WORK REQUIRED
Your answer must be the lines from the start of the records through the line with "同步字帖┃部编版四年级语文下册:写字表练字贴", exactly as written, without the pictures.

SUPPLIED ENTRIES
----------

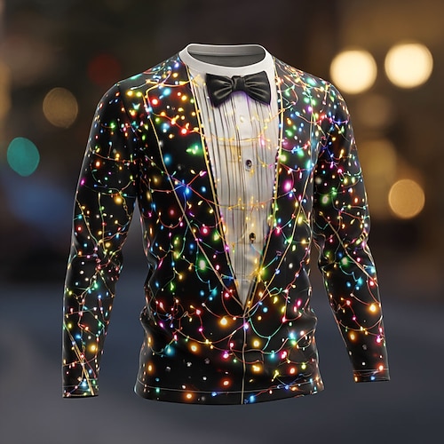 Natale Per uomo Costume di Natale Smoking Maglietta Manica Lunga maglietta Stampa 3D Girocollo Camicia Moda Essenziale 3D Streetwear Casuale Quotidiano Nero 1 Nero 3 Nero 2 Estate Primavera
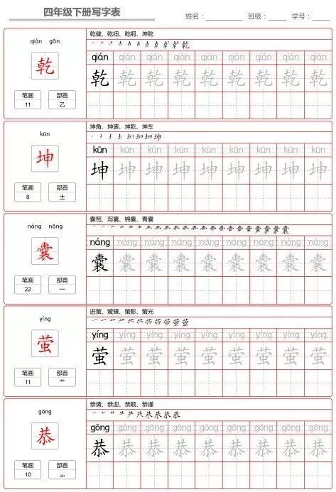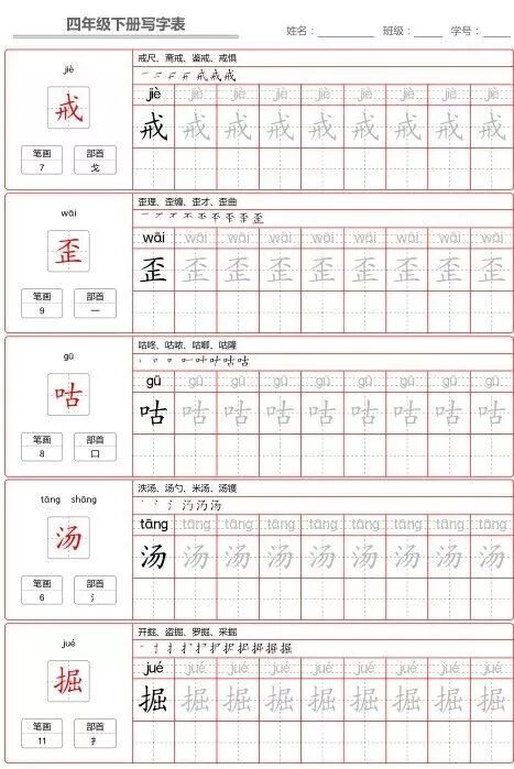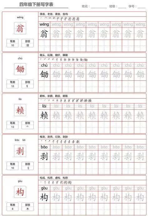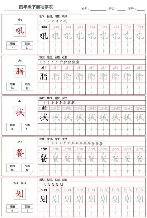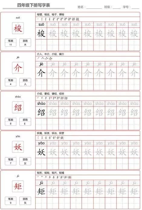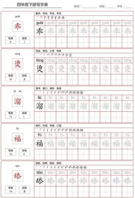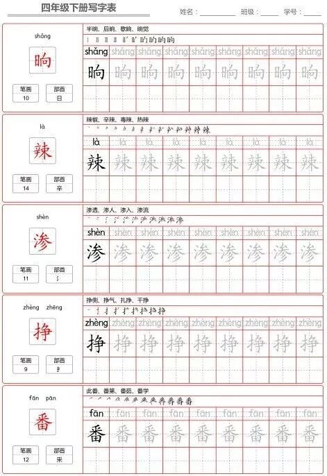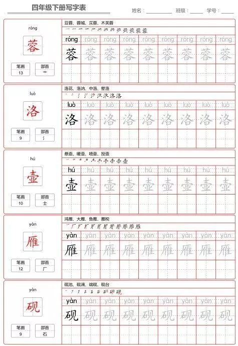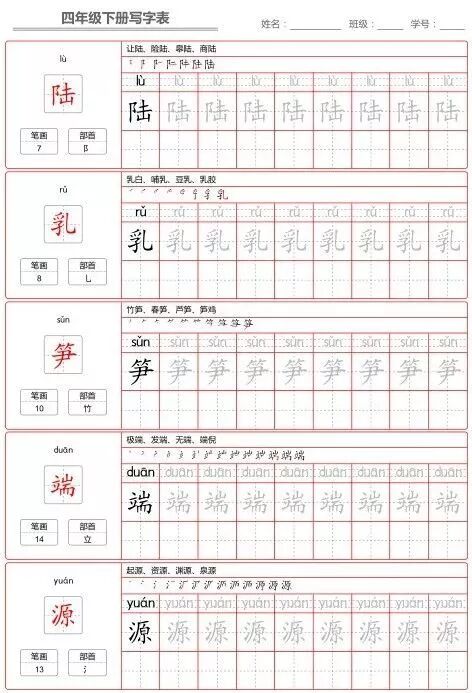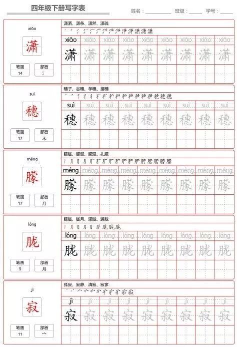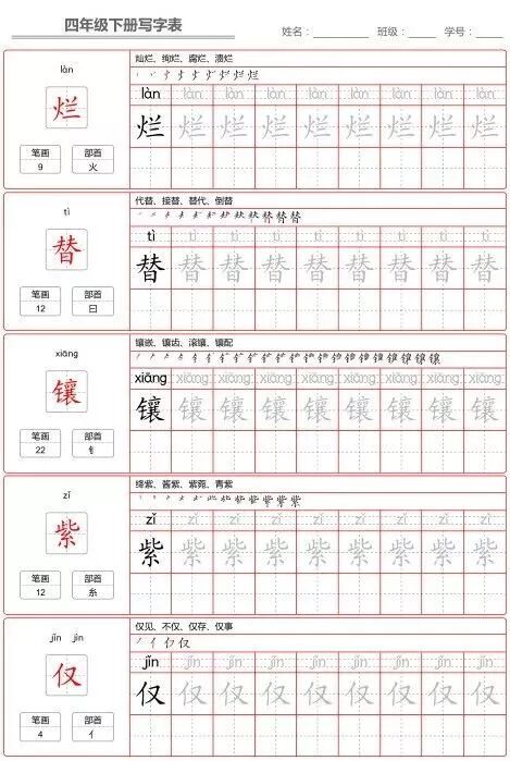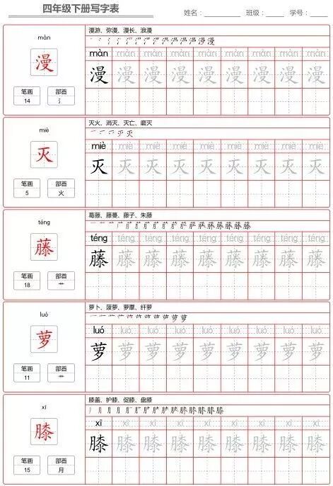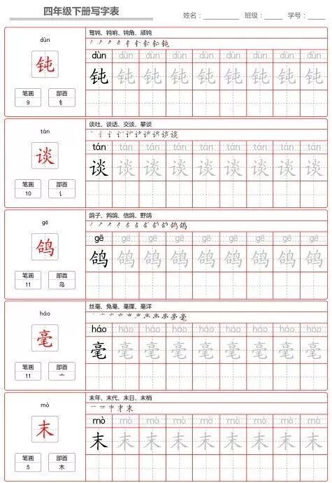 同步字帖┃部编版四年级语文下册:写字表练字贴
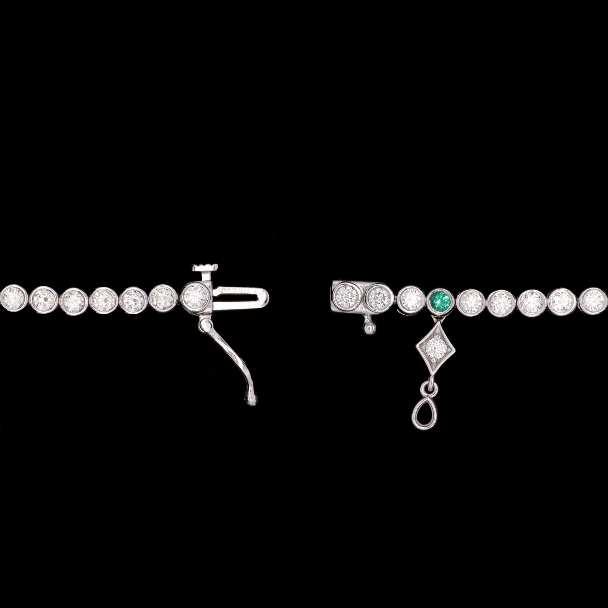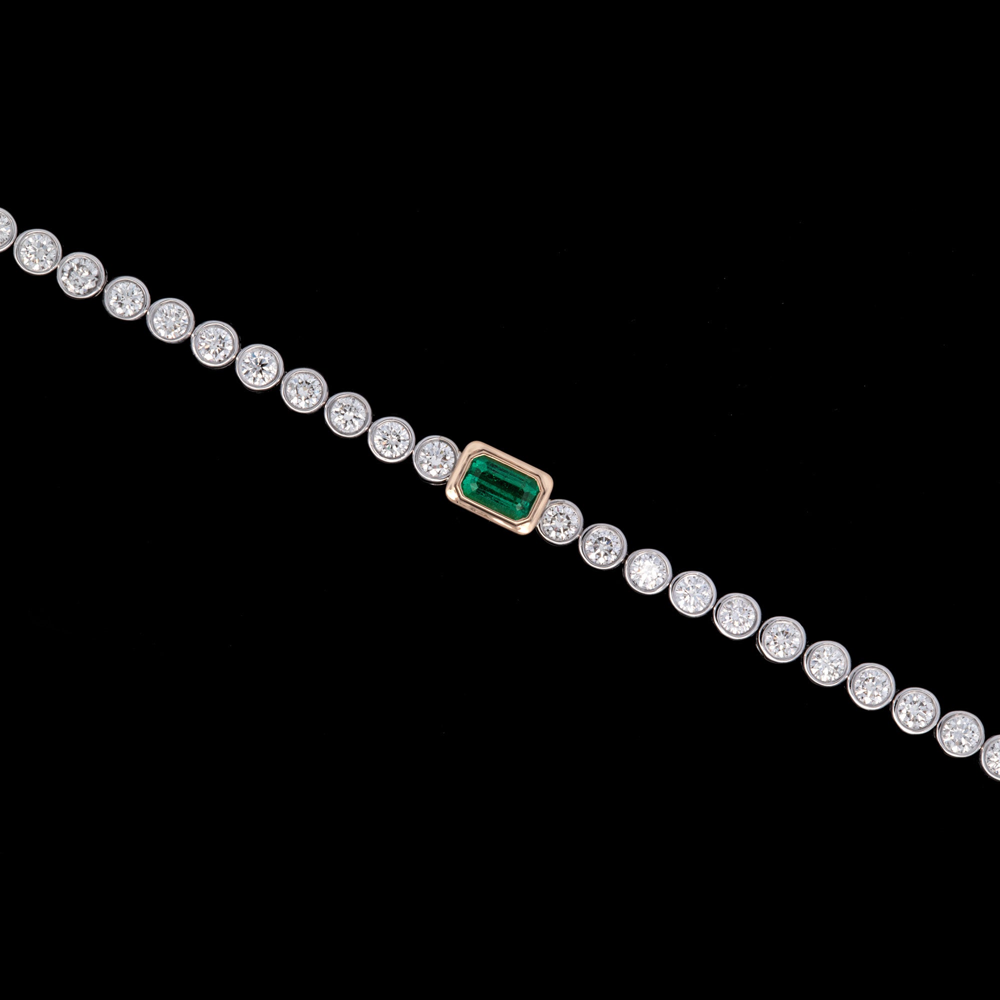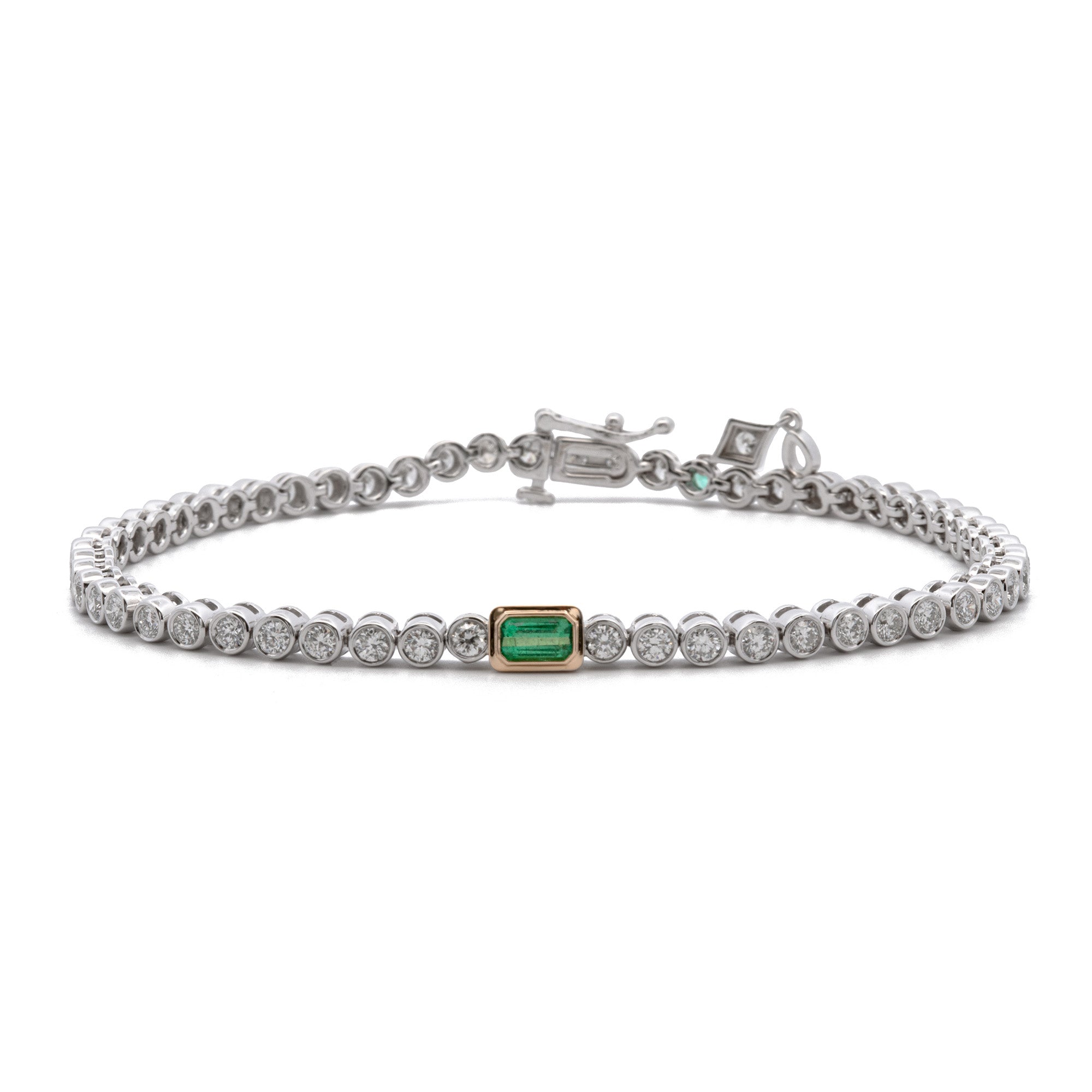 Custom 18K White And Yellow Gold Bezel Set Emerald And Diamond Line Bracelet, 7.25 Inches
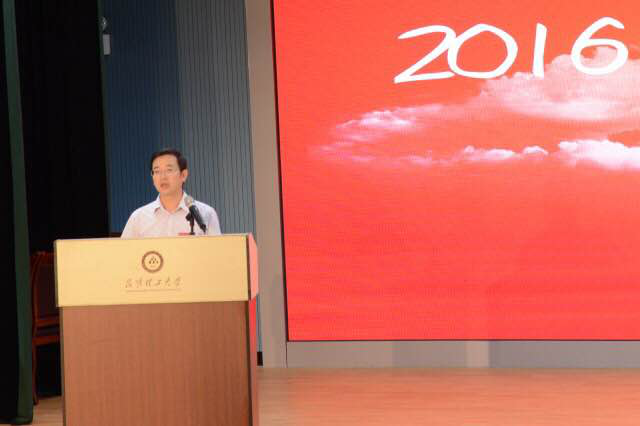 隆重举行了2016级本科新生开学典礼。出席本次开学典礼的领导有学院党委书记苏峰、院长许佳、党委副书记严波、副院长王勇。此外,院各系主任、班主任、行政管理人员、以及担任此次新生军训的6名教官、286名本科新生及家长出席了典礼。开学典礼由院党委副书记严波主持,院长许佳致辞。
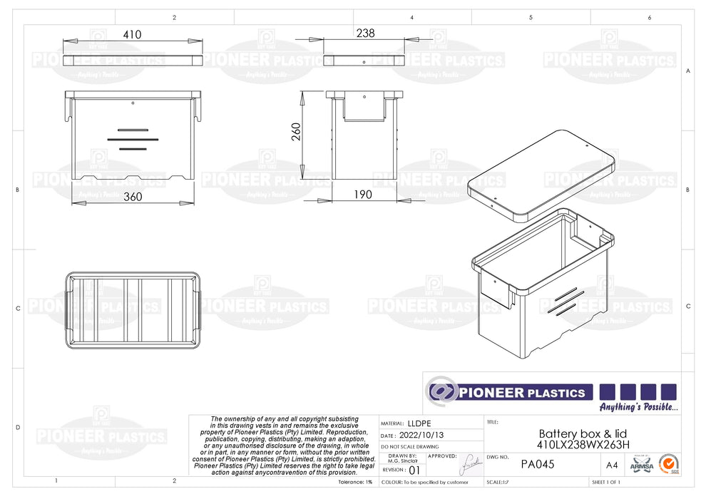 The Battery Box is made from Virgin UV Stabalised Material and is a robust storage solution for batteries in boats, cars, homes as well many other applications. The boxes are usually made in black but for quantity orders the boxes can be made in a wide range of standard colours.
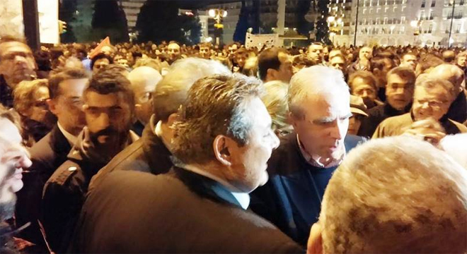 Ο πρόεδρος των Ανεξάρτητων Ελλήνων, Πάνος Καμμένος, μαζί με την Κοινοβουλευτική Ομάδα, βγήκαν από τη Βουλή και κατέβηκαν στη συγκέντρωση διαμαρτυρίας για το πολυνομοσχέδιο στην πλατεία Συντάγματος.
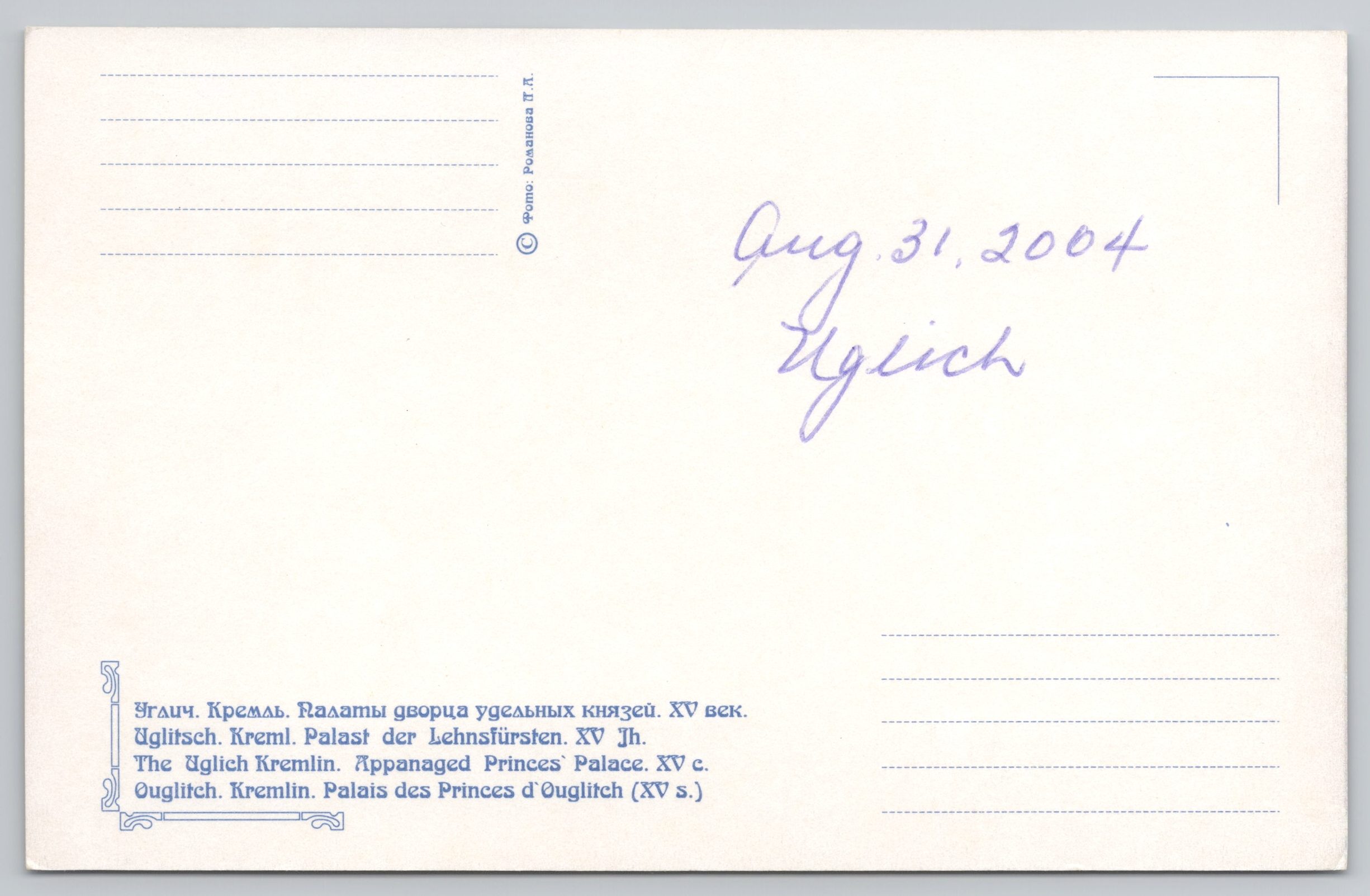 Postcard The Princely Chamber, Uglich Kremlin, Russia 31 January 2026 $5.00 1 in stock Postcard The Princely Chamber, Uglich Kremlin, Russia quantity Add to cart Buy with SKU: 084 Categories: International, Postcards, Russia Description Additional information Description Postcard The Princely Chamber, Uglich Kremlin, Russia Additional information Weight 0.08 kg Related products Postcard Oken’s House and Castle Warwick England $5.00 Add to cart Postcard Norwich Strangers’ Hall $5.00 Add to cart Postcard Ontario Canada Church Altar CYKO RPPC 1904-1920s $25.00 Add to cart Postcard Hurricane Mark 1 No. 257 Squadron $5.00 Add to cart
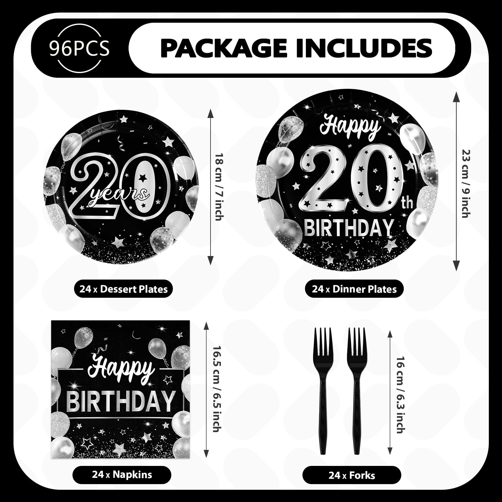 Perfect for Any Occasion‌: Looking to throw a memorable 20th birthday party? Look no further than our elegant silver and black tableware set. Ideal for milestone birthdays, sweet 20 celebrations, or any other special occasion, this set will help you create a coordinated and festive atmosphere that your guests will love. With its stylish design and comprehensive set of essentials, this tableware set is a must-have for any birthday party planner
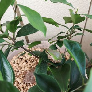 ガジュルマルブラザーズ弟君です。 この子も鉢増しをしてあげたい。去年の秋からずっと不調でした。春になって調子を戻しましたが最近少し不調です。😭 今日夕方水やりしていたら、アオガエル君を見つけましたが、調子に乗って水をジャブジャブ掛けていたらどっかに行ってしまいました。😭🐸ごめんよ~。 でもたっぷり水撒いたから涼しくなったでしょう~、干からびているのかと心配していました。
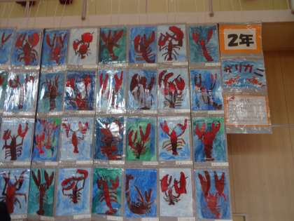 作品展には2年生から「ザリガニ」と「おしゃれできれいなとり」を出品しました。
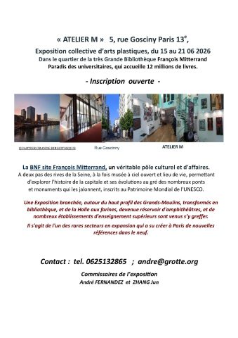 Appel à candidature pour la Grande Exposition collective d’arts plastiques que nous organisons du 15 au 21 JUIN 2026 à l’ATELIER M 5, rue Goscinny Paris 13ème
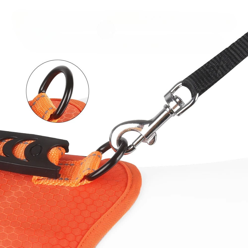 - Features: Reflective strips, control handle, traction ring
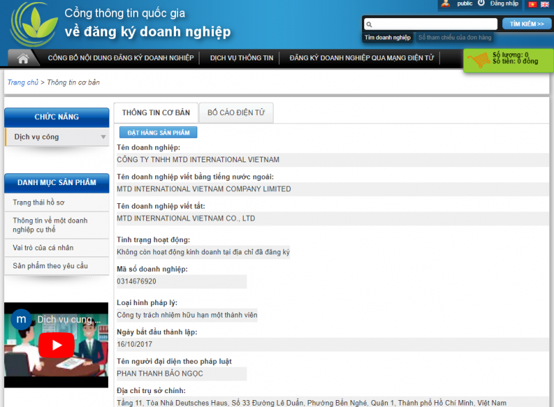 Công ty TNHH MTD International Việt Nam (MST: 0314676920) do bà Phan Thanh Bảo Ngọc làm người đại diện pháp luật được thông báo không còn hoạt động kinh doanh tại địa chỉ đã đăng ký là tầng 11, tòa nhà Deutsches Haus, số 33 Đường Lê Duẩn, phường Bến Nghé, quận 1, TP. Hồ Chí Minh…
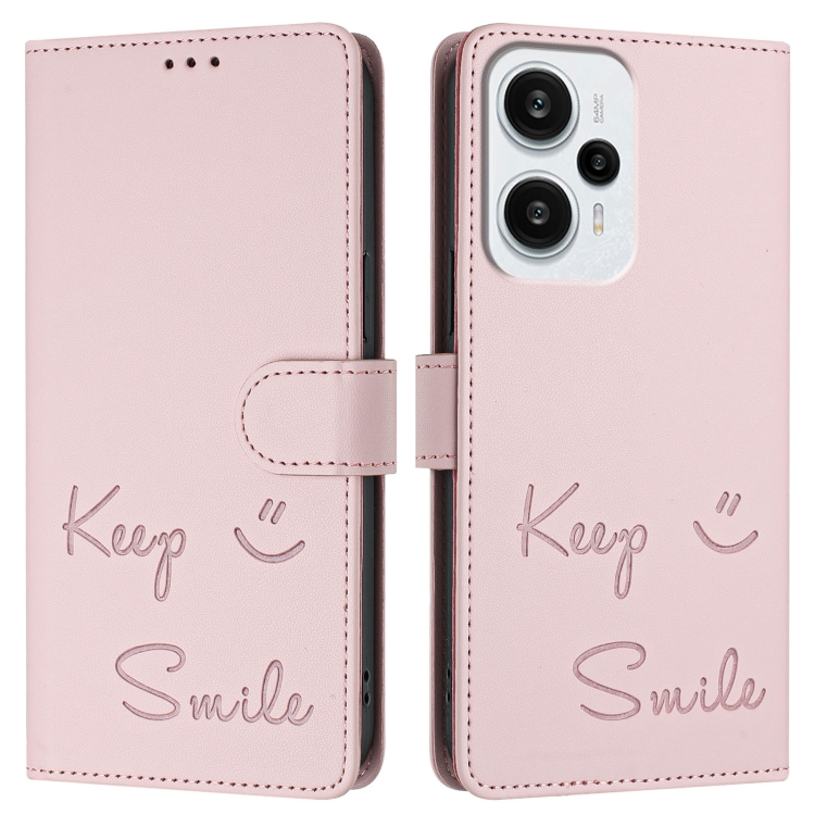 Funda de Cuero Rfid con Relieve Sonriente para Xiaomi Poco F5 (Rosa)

----------

EXERCISE ANSWER
 Natale Per uomo Costume di Natale Smoking Maglietta Manica Lunga maglietta Stampa 3D Girocollo Camicia Moda Essenziale 3D Streetwear Casuale Quotidiano Nero 1 Nero 3 Nero 2 Estate Primavera
 同步字帖┃部编版四年级语文下册:写字表练字贴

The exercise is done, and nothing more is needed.